• _Problem statement_: Beginning at the line that contains "YOLO (You Only", repeat each line exactly through the last one of the records below, and leave out the pictures.

• _Information given_:
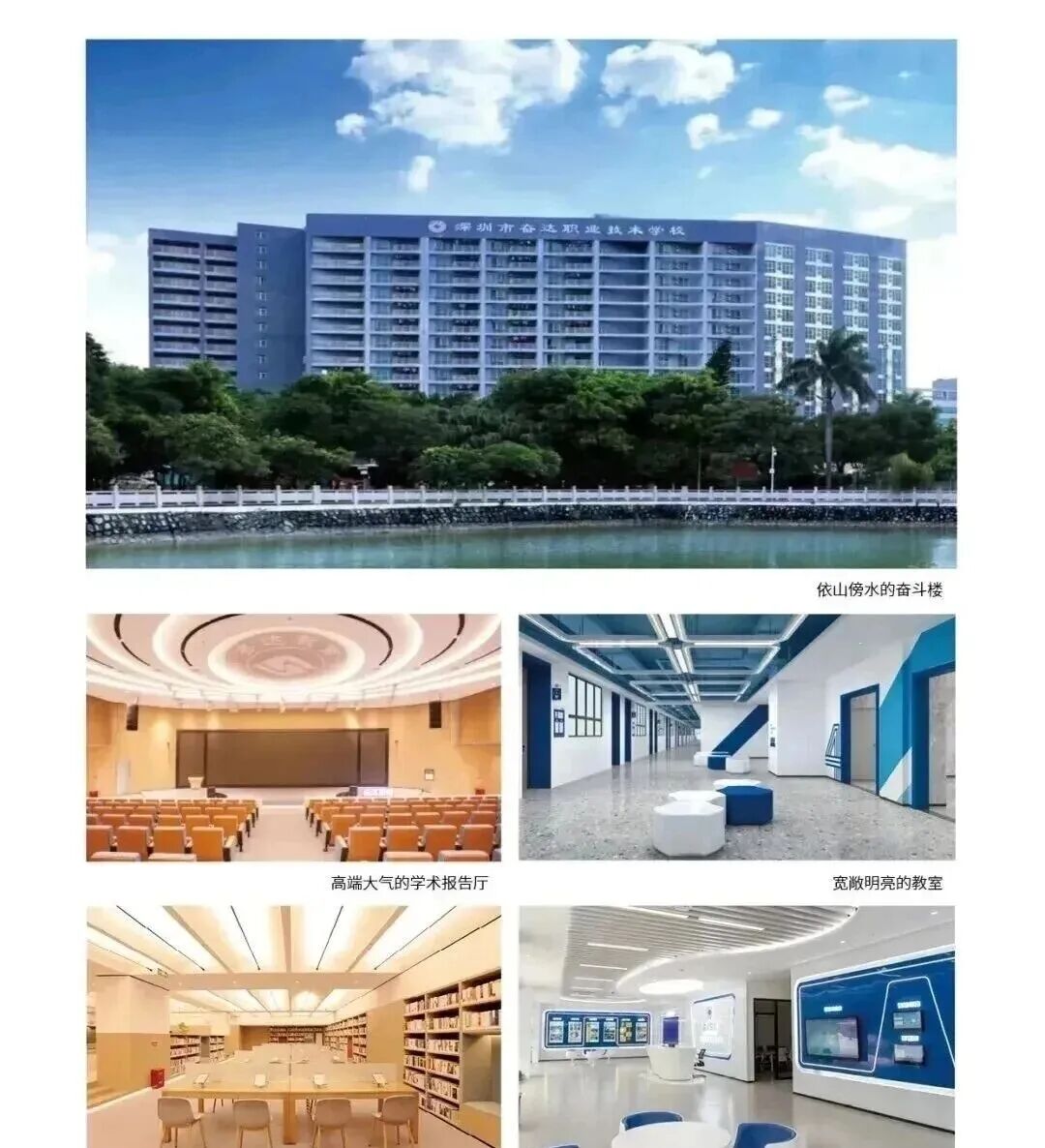 学校位于深圳市宝安区石岩洲石路奋达科技园内,校园占地面积13万6千多平方米。学校在兴教之路上始终从支撑经济社会发展和培养满足现代化建设所需人才角度出发,创新职业教育模式,充分发挥职业教育资源优势,在教育教学质量、师资队伍建设、学生升学就业等方面均取得了显著成绩。
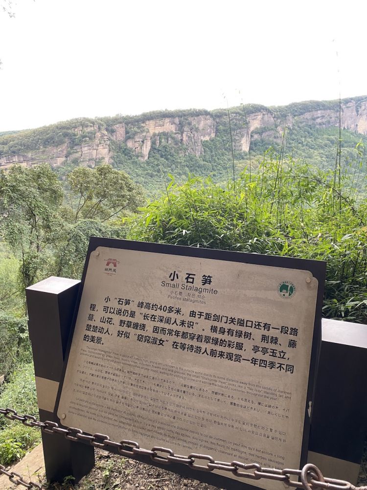 剑门关这里的山景一般,比4月浙江行的雁荡山、神仙居都差远了,只有一个类似的巨石还被命名石笋峰,而张家界、浙江的,都比这里的地貌精彩多了。
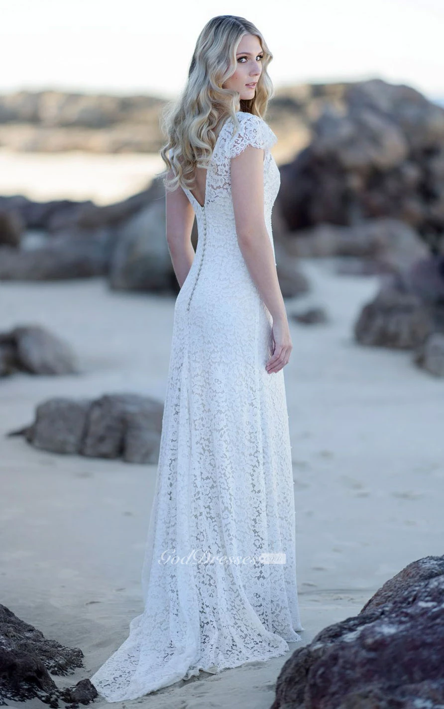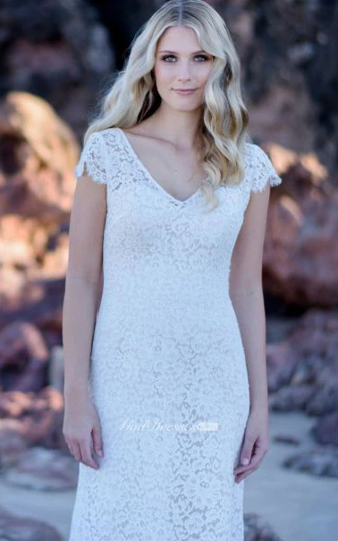 Modest Sheath V-neck Lace Floor-length Low-V Back Wedding Dress
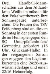 Zweitligist beim TSV Weilheim zu Gast
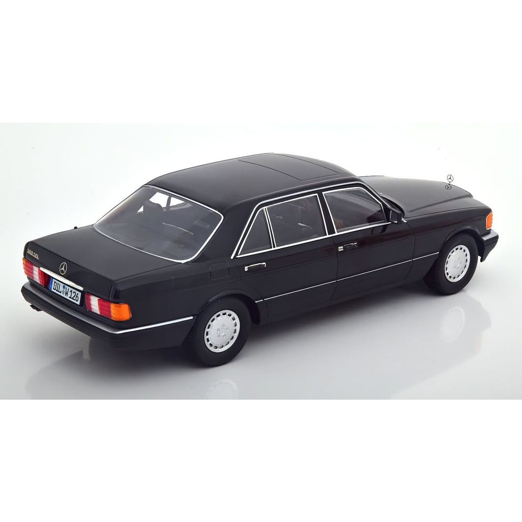 Model fra det tyske modelbilfirma iScale i skala 1:18. Bilen er en sort Mercedes S-klasse W126 (560 SEL Facelift 2) modelår 1985.
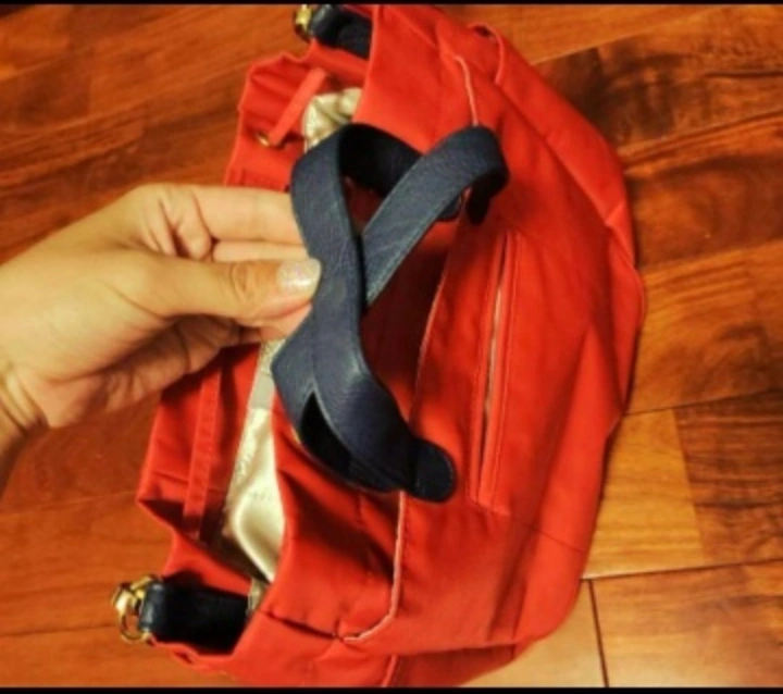赤、ブラッドオレンジといった、鮮やかなカラーです。 ポケットたっぷり、収納スペースが小分けになっていて、使い勝手の良いハンドバッグです。 キャリーオンとして、スーツケースにひっかけて使用する事も可能です。(画像7枚目の、手を突っ込んでいる箇所です) その他にも、小さなポケットが沢山あります。 肩掛けショルダーバックとしての利用も可能です。 2wayハンドバックROOTOTEルートート鮮やかブラッドオレンジ鞄ネイビー紺色
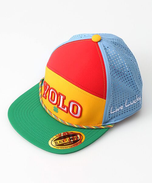 遊び心満載なキャップの登場です!一度きりの人生を思い切り楽しむ " YOLO (You Only Live Once) " はブラッククローバーのブランドコンセプト " LIVE LUCKY "と通づるところがあります。
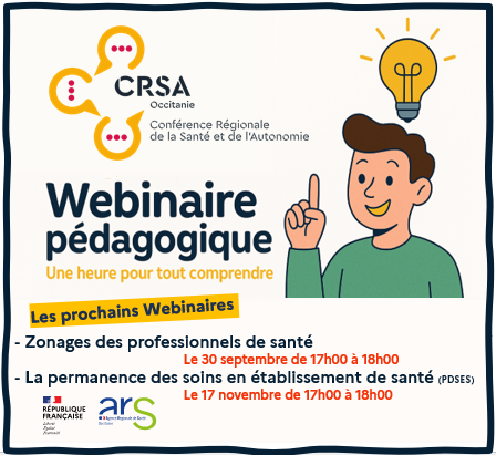 Webinaire d'information - PDSES Date de l'évènement : 17/11/2025 schedule 17:00 schedule 18:00 En visio-conférence En prévision de l'assemblée plénière du 9 décembre, la CRSA et l'ARS Occitanie proposent un webinaire pédagogique d'une heure pour mieux comprendre le schéma de permanence des soins en établissements de santé (PDSES). Pour obtenir le lien de connexion, contactez : missions@crsa-occitanie.fr Partager lundi 17 novembre 2025

• _Solution to this exercise_:
 遊び心満載なキャップの登場です!一度きりの人生を思い切り楽しむ " YOLO (You Only Live Once) " はブラッククローバーのブランドコンセプト " LIVE LUCKY "と通づるところがあります。
 Webinaire d'information - PDSES Date de l'évènement : 17/11/2025 schedule 17:00 schedule 18:00 En visio-conférence En prévision de l'assemblée plénière du 9 décembre, la CRSA et l'ARS Occitanie proposent un webinaire pédagogique d'une heure pour mieux comprendre le schéma de permanence des soins en établissements de santé (PDSES). Pour obtenir le lien de connexion, contactez : missions@crsa-occitanie.fr Partager lundi 17 novembre 2025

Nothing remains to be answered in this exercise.